Now, there may be some changes to Definition and Fat Pants, but if there is, then it won't be anything that detracts from the overall message of the writing, just taking out some of the more minute details that I assume those who read on a regular basis are familiar with. That or I'll drop slight explanations in there, I haven't quite decided and I'm hoping that I can take a look at this stuff before the event tomorrow, after Stagecraft.

Which, honestly, might start driving me up the wall.

If you want to continue with butterflies, then we can probably assign this class a different type. My professor, who shall remain nameless (and now that I think about it, he might not actually be a professor - might need to check into that) has this increasingly annoying and slightly tacky habit of calling people out, in class, in a semi-derogatory manner.

The winter show ended about a week and a half ago. We've already torn down the stage, and there is an open stage now, which we'll use to start getting things ready for the spring show (which I'm doing sound for, just got the script tonight, and won't have a chance to look at it until later this week, because, honestly, there are a few other things that trump that) and, I guess it's alright to assume that you'll come to the show if you're in the class that had a hand in finishing the set, but as it wasn't in the syllabus, it really can't be classified under the heading of mandatory. Our professor was, however, of the mindset that it was under the previous heading, and, the class the following Wednesday (we had Monday, the next day off) proceeded to ask this student, in front of everyone else in a not-so-nice tone of voice, You didn't attend the show, did you? Which she said no, and you would have thought someone had tried to cancel his birthday, or at the very least rained out his parade.

The butterflies, in this case, would be in the fact that everyday is a little more than unpredictable with him. You could be walking along fine - answering things right in class (oh, by the way, don't flip through your book - it says to him that you didn't do the reading even if you did and forgot your photographic memory at home) - and the next thing you know it all goes to hell and you're falling through the floor, silently staring at the clock as though you can will it to go faster. Pitfalls. The top of the hill and then falling straight through to the bottom. And you never know which you're going to get that morning.

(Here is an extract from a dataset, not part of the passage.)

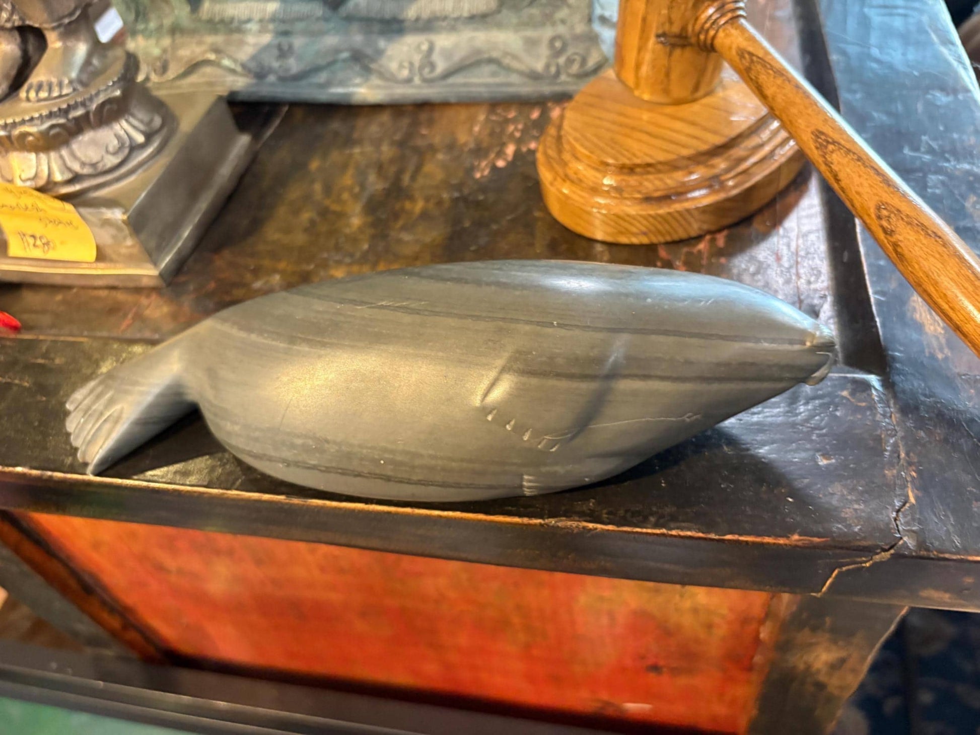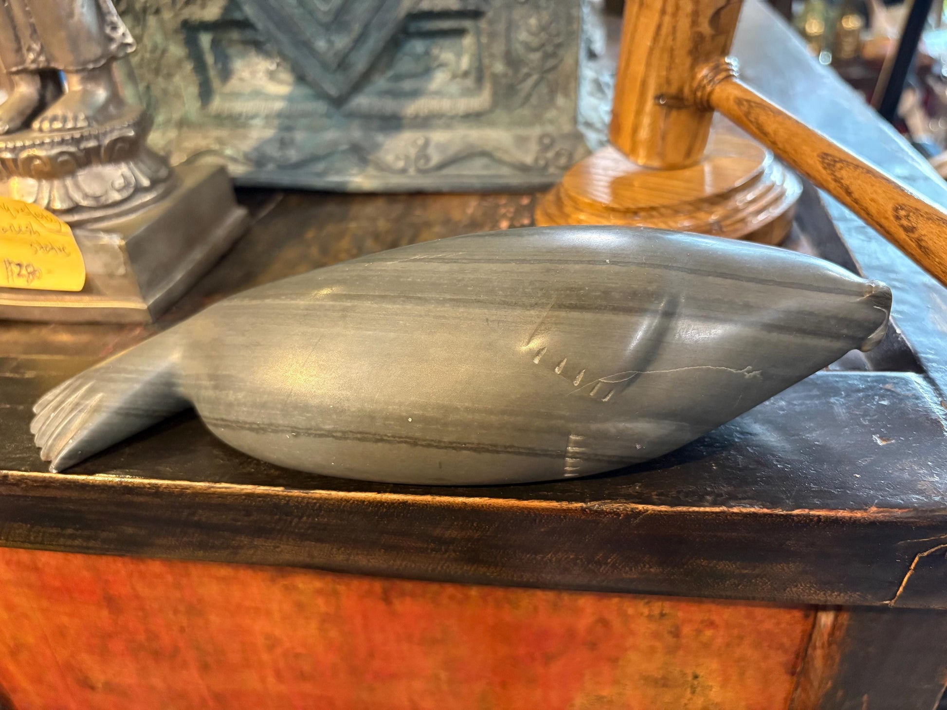 Lovely indigenous Inuit signed soapstone seal — particularly lovely and in perfect condition - 10 x 2 1/2“ wide - great value
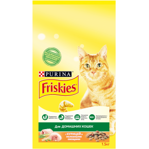 Friskies - сухой корм для взрослых кошек с курицей и садовой зеленью

But those aren't the same butterflies that you get when you have to get up on stage and say something personal and oddly baring. And they're not the same as the ones that you get when the boy that you like sits next to you in class; definitely different than the ones you get when you walk into class slightly later than usual, and he's more or less sitting in your seat and you have to be the one to sit next to him. Those are whole different species of butterfly - a little more rare and reclusive, but still content to beat at your ribcage, up around your heart.

I'll take my butterflies. Every last one of those frustrating, beautiful things.

1 comment:

Erin Reed said...

"Wherever you go, go with all your heart."

Good luck tomorrow!!!

"The difference between life and the movies is that a script has to make sense, and life doesn't."